Таинственно понизив голос, я вынимаю охотничий нож своего отца. С одной стороны лезвие выщерблено, но по-прежнему остается опасным, грозным оружием. Я вкладываю пальцы в ложбинки на рукояти, а сама вспоминаю страницу в отцовской тетради. В голове начинает звучать его голос, тихий и такой дорогой. Набрав полную грудь воздуха, я медленно выдыхаю, как всегда делал он, приступая к рассказу, и начинаю.
Глава 9
– Давным-давно, в незапамятные времена в маленьком домишке на дальней окраине деревни Ближней жила Ведьма. Она была очень старая и совсем молодая – смотря как повернет голову. Ведь никто не знает настоящего возраста ведьм. Ручьи вересковых пустошей были ее кровью, а трава пустошей – ее кожей, а улыбка у нее была ласковая и в то же время лукавая, как месяц в черной-черной ночи. Ведьма из Ближней умела разговаривать с миром на его языке, и иной раз было непонятно, что это за звук раздается за дверью – то ли воет ветер, то ли Ведьма из Ближней поет холмам колыбельную. Звук-то был совсем одинаковый…
Мы приближаемся к роще, и голос мой постепенно затихает. Коул поднимает на меня глаза, он ждет продолжения.

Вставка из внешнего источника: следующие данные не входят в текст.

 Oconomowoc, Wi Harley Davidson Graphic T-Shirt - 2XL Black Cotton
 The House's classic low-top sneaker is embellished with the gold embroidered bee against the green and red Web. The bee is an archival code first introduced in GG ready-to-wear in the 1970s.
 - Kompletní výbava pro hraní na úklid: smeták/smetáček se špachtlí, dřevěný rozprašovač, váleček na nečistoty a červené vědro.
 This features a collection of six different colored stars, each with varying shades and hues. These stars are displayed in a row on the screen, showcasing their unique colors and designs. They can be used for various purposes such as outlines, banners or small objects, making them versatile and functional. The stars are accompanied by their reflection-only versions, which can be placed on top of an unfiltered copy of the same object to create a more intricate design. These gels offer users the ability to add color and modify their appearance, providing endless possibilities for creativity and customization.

Но тут кое-что необычное бросается мне в глаза – и я еле слышно ругаюсь. Не добежав совсем немного до опушки, странная ветреная тропа, по которой мы шли, исчезает. Трава здесь колышется, как обычно, клонится во все стороны. А значит, след пропал. Я ускоряю шаг, почти бегу в темноте, спотыкаюсь о корни деревьев и сухие упавшие ветки, цепляюсь за них подолом. Добежав до рощи, останавливаюсь так резко, что Коул врезается в меня.

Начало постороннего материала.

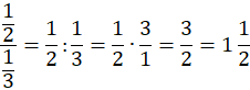 Zauważ, że kreska ułamkowa oznacza dzielenie. Aby podzielić ułamek przez ułamek, należy pomnożyć pierwszy ułamek przez odwrotność dzielnika, zgodnie z zasadą – „Mnożenie, to dzielenie przez odwrotność”.
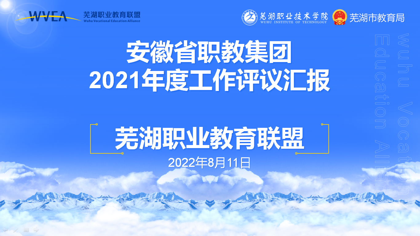 8月11日下午,由安徽省教育厅主办的安徽省职业教育集团2021年度工作评议会在安庆召开。会议分为集团陈述和答疑两个环节,全省54个职教集团牵头单位负责人及相关工作人员参加会议。我校副校长、芜湖职教联盟副理事长刘育红代表芜湖职教联盟通过网络视频汇报了职教联盟过去一年的工作。市教育局、我校部分工作人员参加了会议。
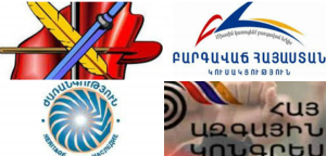 ՀՅԴ-ից ներկա են Արմեն Ռուստամյանը, Աղվան Վարդանյանն ու Արծվիկ Մինասյանը։ ՀԱԿ-ից այստեղ են Արամ Մանուկյանն ու Լեւոն Զուրաբյանը, իսկ «Ժառանգությունից» Ռուբիկ Հակոբյանն ու Թեւան Պողոսյանը։
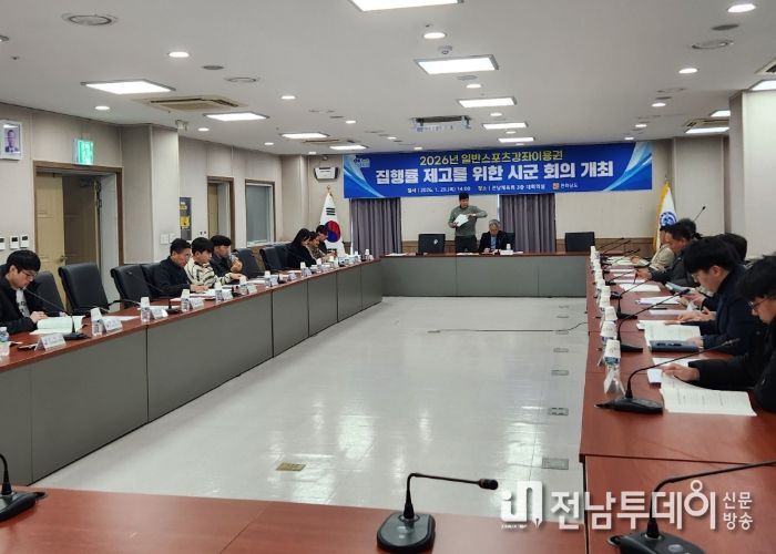 전남투데이 김용희 기자 | 전라남도는 29일 전남도체육회 대회의실에서 도, 시군, 체육 관계자 등이 참석한 가운데 2026 일반스포츠강좌이용권 시군 담당 회의를 개최, 사업의 효율적 추진과 집행률 제고를 위한 다양한 방안을 논의했다.
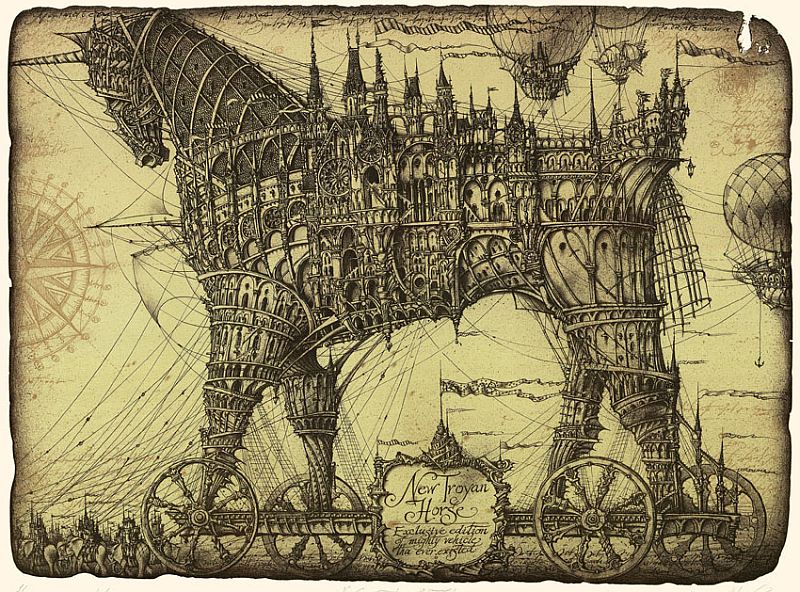 "Nueva caballo de Troya / New Trojan Horse", litografía / lithography, 44 x 60 cm., 2013
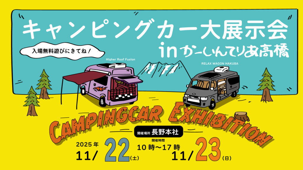 11月22日(土),23(日)にかーいんてりあ高橋長野本社にて【キャンピングカー大展示会】を行います!

С колотящимся сердцем я вглядываюсь в ночь, внимательно разглядываю холм. Дорожки, оставленной ветром, не видно нигде. Я жду, перевожу взгляд то дальше, то ближе, в надежде снова увидеть. Наконец поворачиваюсь к Коулу.
– Ты видишь? – я рукой обвожу склон. Коул смотрит в сторону и качает головой.
– Может быть, мы снова его найдем, когда поднимемся на вершину. На этой стороне тень, слишком темно.
Он прав. Луна скользит вниз по небу, накрывая мир тенями. Перед нами округлость холма. По обе стороны раскинулась равнина.
Порывшись в кармане, я достаю несколько семечек и протягиваю руки навстречу ветру.
– Что ты делаешь? – Я слышу в его голосе любопытство. Удивительный у него голос. Кончиками пальцев он бережно касается моих протянутых рук и опускает их вниз. При этом он дотрагивается до меня так, будто думает, что я разобьюсь, – или боится сделать мне больно. В следующий момент он отдергивает пальцы. Все происходит так быстро, что я уже не уверена, было ли оно, это прикосновение, или мне только почудилось.
– Ветер пустошей непрост, – шепчу я, больше сама себе. – Но я прошу его помочь.
Коул отходит и смотрит, сунув руки в карманы плаща. Волосы падают ему на лицо, закрывают глаза. Я уже готова объяснить, что пошутила, что это глупая детская игра, в которую я играю сама с собой с детства, подглядев однажды, что так делает папа. Но в этот миг ветер подхватывает семена и разбрасывает, как хлебные крошки, по тропе перед нами.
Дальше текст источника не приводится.